Cruciate ligament repair is repairing a torn or avulsed cruciate ligament at its two torn ends, rather than using a replacement graft.
Page updated October 2023 by Dr Sheila Strover (Clinical Editor)
- Type I - avulsion from the bone at the top of the notch
- Type II - tear through the substance of the ACL in the upper 1/3
- Type III - mid-substance tear
- Type IV - distal tear
- Type V - avulsion from distal tibia
The Sherman Classification is useful in determining which cruciate tears are most likely to be amenable to repair, Type I being the most likely to be successful.

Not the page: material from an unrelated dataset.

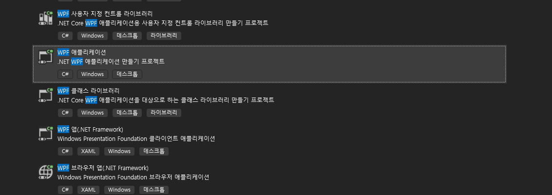 WPF 앱(.NET Framework)가 아닌 WPF 애플리케이션을 선택하고 프로젝트를 생성합니다.

Technique of cruciate repair
Cruciate repair had been abandoned some years ago in favour of cruciate reconstruction but, with improved understanding of which cruciate tears heal more readily and with improved technology, the procedure is making a comeback, especially in children where any harvested autograft would be too flimsy to use for a reconstruction and where the growth plates are still open and vulnerable to damage from drilling tunnels for a reconstruction.
"When considering suitability for primary repair it appears that femoral sided avulsions should be the initial focus...Significant caution is advised with mid-substance tears as significantly higher failure rates have been shown"
Citation: Mahapatra P, Horriat S, Anand BS. Anterior cruciate ligament repair - past, present and future. J Exp Orthop. 2018 Jun 15;5(1):20. doi: 10.1186/s40634-018-0136-6. PMID: 29904897; PMCID: PMC6002325.